Derivative of s with respect to t when y is constant

[karush]

Let $x$ and $y$ be differentiable functions of $t$, and let
$$s=\sqrt{6x^2+2 y^2 }$$ be a function of $x$ and $y$.
A. How is ds/dt related to dx/dt if y is constant?

 

[MarkFL]

What would you get if you apply the chain rule to find \(\displaystyle \d{s}{t}\)?

 

[karush]

$$\frac{ds}{dt}=\frac{-6x\d{x}{t}+2y\frac{dy}{dt}}{\sqrt{6x^2 +2 y^2 }}$$

I got ? on this

 

[MarkFL]

$$\frac{ds}{dt}=\frac{-6x\d{x}{t}+2y\frac{dy}{dt}}{\sqrt{6x^2 +2 y^2 }}$$

I got ? on this

Where did the negative sign in front of the 6 come from?
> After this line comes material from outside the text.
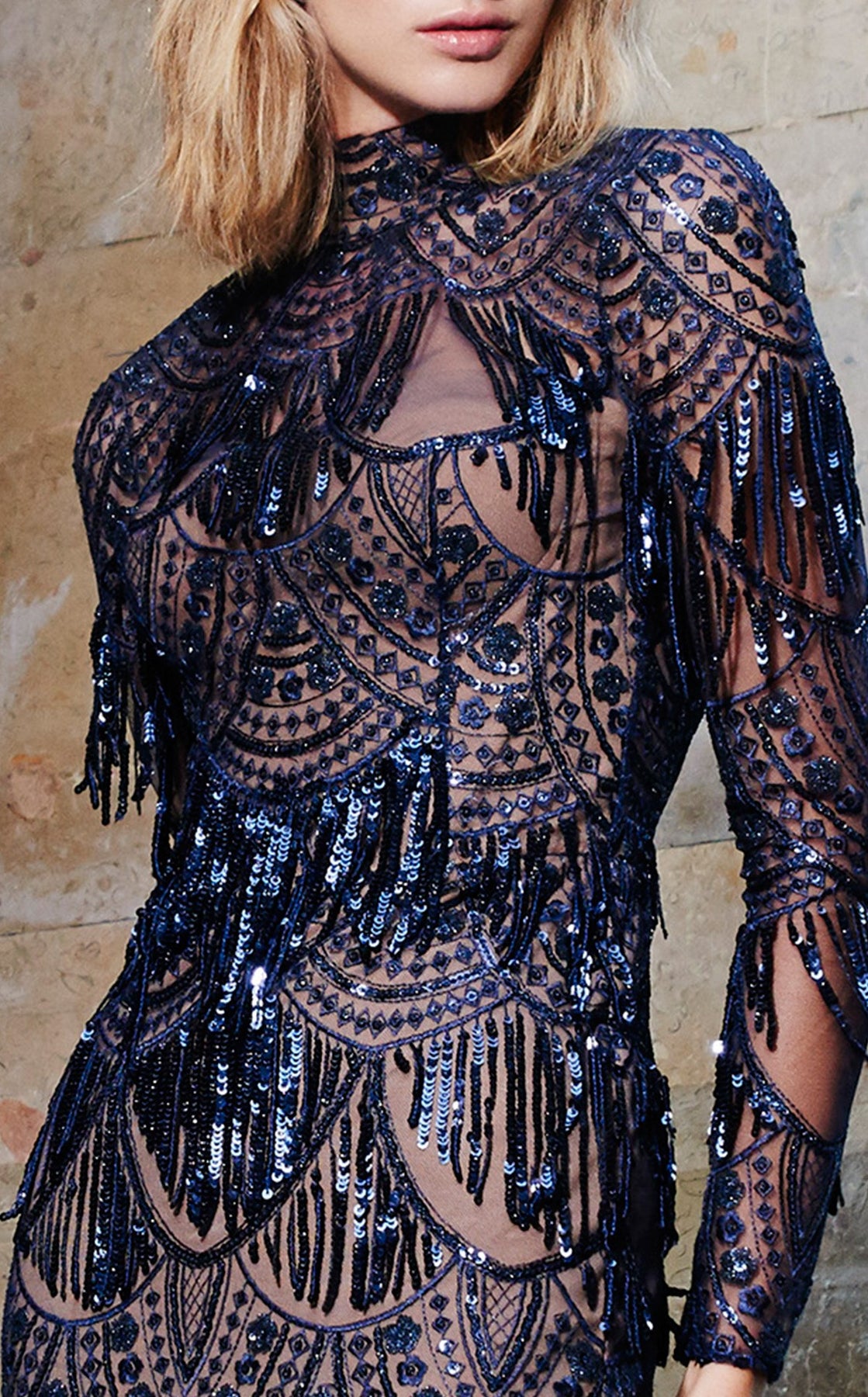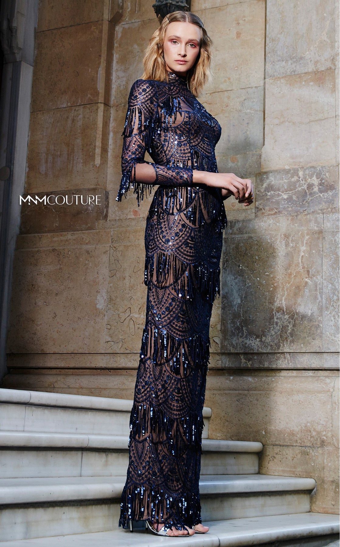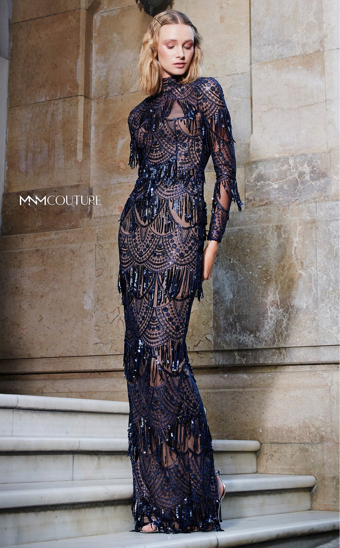 Fantastic long-sleeved formal with fringe detail by MNM Couture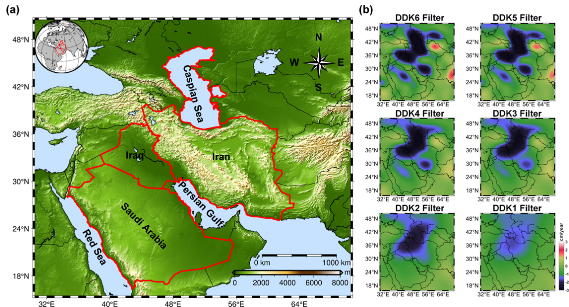 图1.(a)中东研究地区示意图;(b)不同强度滤波方法得到的陆地水储量变化趋势信号对比。

If $y$ is a constant, then what is \(\displaystyle \d{y}{t}\)? What is the denominator equal to?

 

[karush]

A constant would go to zero

$\frac{ds}{dt}=\frac{6x\d{x}{t}+(0)}{\sqrt{6x^2 +2 y^2 }}$

 

[MarkFL]

Yes, we would have \(\displaystyle \d{y}{t}=0\)...how about that denominator? Can you replace it with something simpler?

 

[karush]

Does the $2y^2 = 0\ \ $ ?

 

[MarkFL]

Does the $2y^2 = 0\ \ $ ?

No, but since it is being multiplied by \(\displaystyle \d{y}{t}=0\), the entire term does vanish.

 

[karush]

How does that happen?

 

[MarkFL]

How does that happen?

I'm sorry, I meant the term:

\(\displaystyle 2y\d{y}{t}\)

in the numerator vanishes to zero. The denominator of your result can be simplified in another way, if you look at the problem statement, before you did any differentiating.